SUPPLIED INFORMATION:

..............................

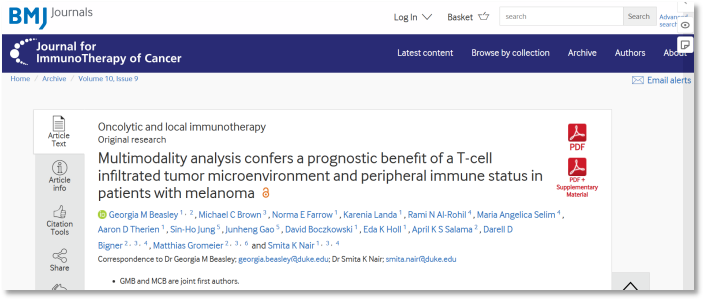 Beasley GM, Brown MC, Farrow NE, Landa K, Al-Rohil RN, Selim MA, Therien AD, Jung SH, Gao J, Boczkowski D, Holl EK, Salama AKS, Bigner DD, Gromeier M, Nair SK. Multimodality analysis confers a prognostic benefit of a T-cell infiltrated tumor microenvironment and peripheral immune status in patients with melanoma. J Immunother Cancer. 2022 Sep;10(9):e005052.
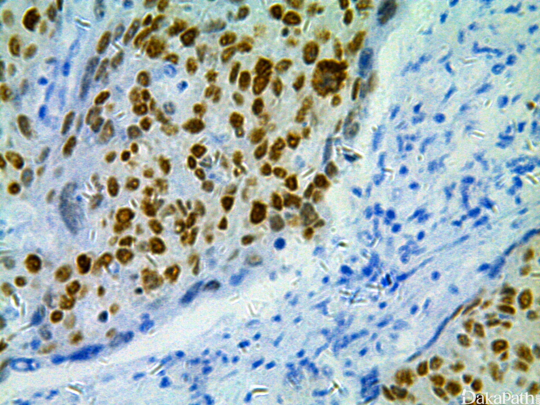 通常阳性(<95%,≥75%的病例阳性): 恶性外周神经鞘膜瘤、卵巢不成熟畸胎瘤、胚胎性癌、肺鳞状细胞癌、卵巢黏液性癌、基底样鳞状细胞癌、卵巢浆液性交界性肿瘤/非典型增生性浆液性肿瘤、卵巢浆液性癌、肺大细胞神经内分泌癌、肺小细胞癌、肺腺癌
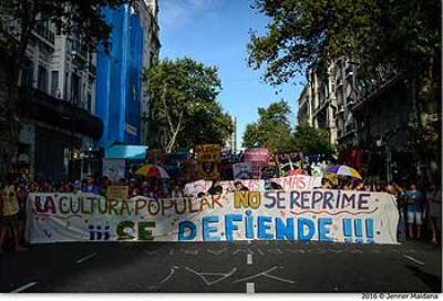 Bajo la consigna «La cultura popular no se reprime, se defiende», unos 6 mil murgueros desfilaron por Avenida de Mayo hasta la Plaza del Congreso Nacional, en repudio a la represión a los chicos de la villa 1-11-14 por parte de Gendarmería. Allí estuvo presente la organización territorial Ruca Hueney, niñez y territorio.

..............................

WORK REQUEST: From the first line to the last, repeat the data above exactly and leave the pictures out.

OUTPUT OF THE EXERCISE:
 Beasley GM, Brown MC, Farrow NE, Landa K, Al-Rohil RN, Selim MA, Therien AD, Jung SH, Gao J, Boczkowski D, Holl EK, Salama AKS, Bigner DD, Gromeier M, Nair SK. Multimodality analysis confers a prognostic benefit of a T-cell infiltrated tumor microenvironment and peripheral immune status in patients with melanoma. J Immunother Cancer. 2022 Sep;10(9):e005052.
 通常阳性(<95%,≥75%的病例阳性): 恶性外周神经鞘膜瘤、卵巢不成熟畸胎瘤、胚胎性癌、肺鳞状细胞癌、卵巢黏液性癌、基底样鳞状细胞癌、卵巢浆液性交界性肿瘤/非典型增生性浆液性肿瘤、卵巢浆液性癌、肺大细胞神经内分泌癌、肺小细胞癌、肺腺癌
 Bajo la consigna «La cultura popular no se reprime, se defiende», unos 6 mil murgueros desfilaron por Avenida de Mayo hasta la Plaza del Congreso Nacional, en repudio a la represión a los chicos de la villa 1-11-14 por parte de Gendarmería. Allí estuvo presente la organización territorial Ruca Hueney, niñez y territorio.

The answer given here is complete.